Implementation Methods for Each Operation
Each operation in chip/cluster reduce maps to specific hardware primitives. Understanding these mappings helps predict performance and resource usage patterns.
Asymmetric Slice
Chip/cluster asymmetric slice operations extract a subset of data from specific positions in the chip or cluster dimension. The ParallelCopy operation implements this by running in the sub-context using the stos (Store to SRAM) command.

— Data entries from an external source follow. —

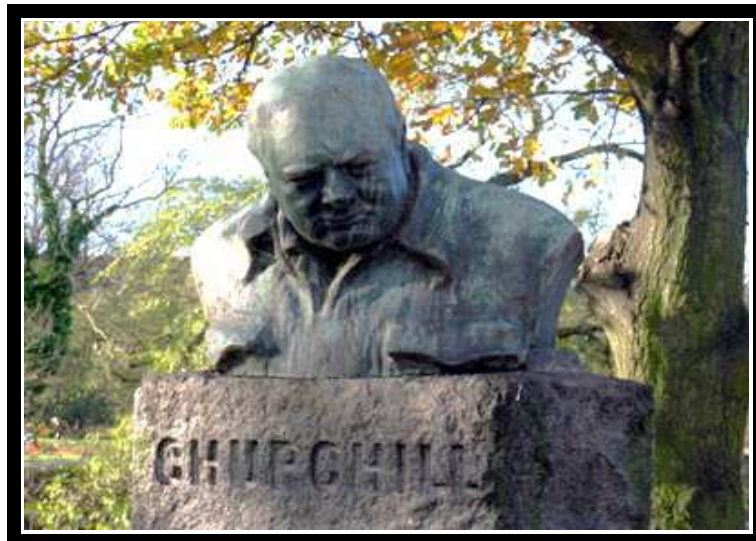
Bust of Churchill 2005

A new Copenhagen landmark to celebrate 80 years since the ending of the Second World War
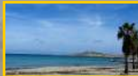
Beaches just 5 and 20 mins walk
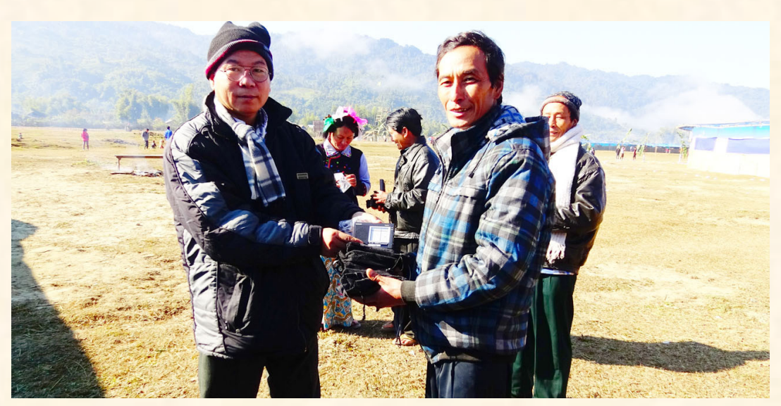
Photo: FEBC Radio International Thailand's radio distribution project.

Sat 27 – Please pray for good health and safe travel to and from work, for each of FEBC Thailand's staff members. They sometimes have to travel far and through harsh conditions to get to work. Pray that God will bless their work and their families.

This approach enables selective data extraction without full tensor movement, copying only the elements at positions specified by the slice indices. The sub-context execution ensures that slice operations can overlap with main-context computation, maintaining pipeline efficiency.
Shuffle
Chip/cluster shuffle redistributes data across chips using DMA operations through HBM. The DmaCommand handles intra-chip shuffles by moving data between HBM regions associated with different chips, while PCIeDmaCommand extends this capability to inter-chip communication when needed. The HBM-to-HBM transfer pattern avoids unnecessary round-trips through chip-local memory, directly routing data to its destination. Shuffle operations are the primary cost factor in chip/cluster reduce because they involve cross-chip data movement over the interconnect fabric, typically requiring hundreds to thousands of cycles depending on data volume.
Tensor Addition
Tensor addition combines multiple input tensors element-wise to perform the actual reduction computation. This operation runs in the main context using a two-stage approach: interleaved fetch brings data from multiple tensor instances into the pipeline, and the Vector Engine’s binary add operation performs the element-wise summation. The interleaved fetch pattern enables the Vector Engine to process additions efficiently by presenting operands in alternating time steps, avoiding the need for separate accumulation buffers. This main-context execution provides maximum throughput for the arithmetic-intensive reduction phase after data has been properly arranged through slice and shuffle operations.